-- DATASET SECTION --
--*--

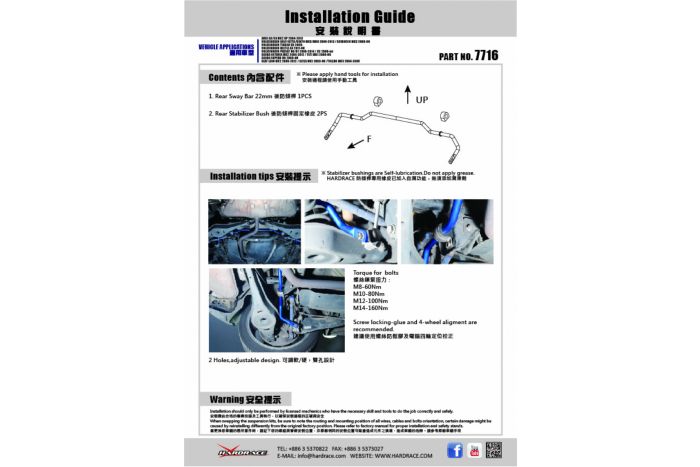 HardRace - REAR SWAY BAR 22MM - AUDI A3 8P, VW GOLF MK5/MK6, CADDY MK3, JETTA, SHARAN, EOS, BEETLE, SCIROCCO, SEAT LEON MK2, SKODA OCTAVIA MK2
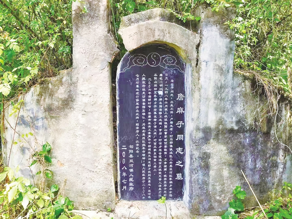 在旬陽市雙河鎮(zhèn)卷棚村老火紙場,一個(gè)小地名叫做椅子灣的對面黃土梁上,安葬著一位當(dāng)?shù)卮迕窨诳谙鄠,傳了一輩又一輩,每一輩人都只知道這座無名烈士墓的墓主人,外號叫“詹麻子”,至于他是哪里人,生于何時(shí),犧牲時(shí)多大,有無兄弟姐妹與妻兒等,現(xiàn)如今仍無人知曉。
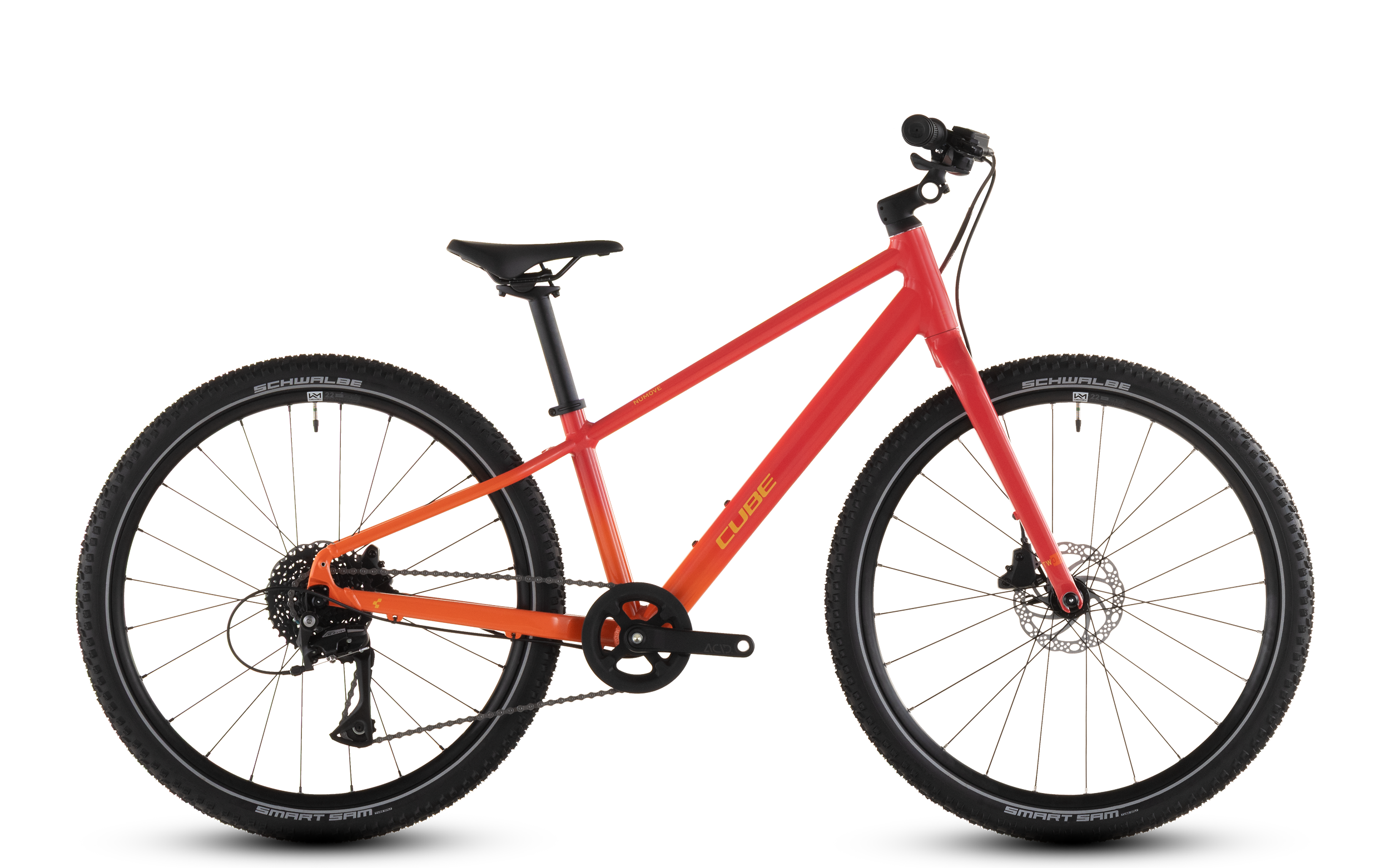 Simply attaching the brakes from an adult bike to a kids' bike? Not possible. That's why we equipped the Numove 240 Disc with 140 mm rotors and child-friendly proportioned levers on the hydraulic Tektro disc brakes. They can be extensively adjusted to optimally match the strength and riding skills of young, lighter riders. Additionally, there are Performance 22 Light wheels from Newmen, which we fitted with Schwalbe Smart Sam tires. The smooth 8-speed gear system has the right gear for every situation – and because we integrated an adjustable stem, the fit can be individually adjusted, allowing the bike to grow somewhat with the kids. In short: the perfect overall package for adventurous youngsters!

--*--

-- WHAT YOU WILL DO --
Set the listing down in full and exactly. Pictures within it should not appear in the copy.

-- TASK RESULT --
 HardRace - REAR SWAY BAR 22MM - AUDI A3 8P, VW GOLF MK5/MK6, CADDY MK3, JETTA, SHARAN, EOS, BEETLE, SCIROCCO, SEAT LEON MK2, SKODA OCTAVIA MK2
 在旬陽市雙河鎮(zhèn)卷棚村老火紙場,一個(gè)小地名叫做椅子灣的對面黃土梁上,安葬著一位當(dāng)?shù)卮迕窨诳谙鄠,傳了一輩又一輩,每一輩人都只知道這座無名烈士墓的墓主人,外號叫“詹麻子”,至于他是哪里人,生于何時(shí),犧牲時(shí)多大,有無兄弟姐妹與妻兒等,現(xiàn)如今仍無人知曉。
 Simply attaching the brakes from an adult bike to a kids' bike? Not possible. That's why we equipped the Numove 240 Disc with 140 mm rotors and child-friendly proportioned levers on the hydraulic Tektro disc brakes. They can be extensively adjusted to optimally match the strength and riding skills of young, lighter riders. Additionally, there are Performance 22 Light wheels from Newmen, which we fitted with Schwalbe Smart Sam tires. The smooth 8-speed gear system has the right gear for every situation – and because we integrated an adjustable stem, the fit can be individually adjusted, allowing the bike to grow somewhat with the kids. In short: the perfect overall package for adventurous youngsters!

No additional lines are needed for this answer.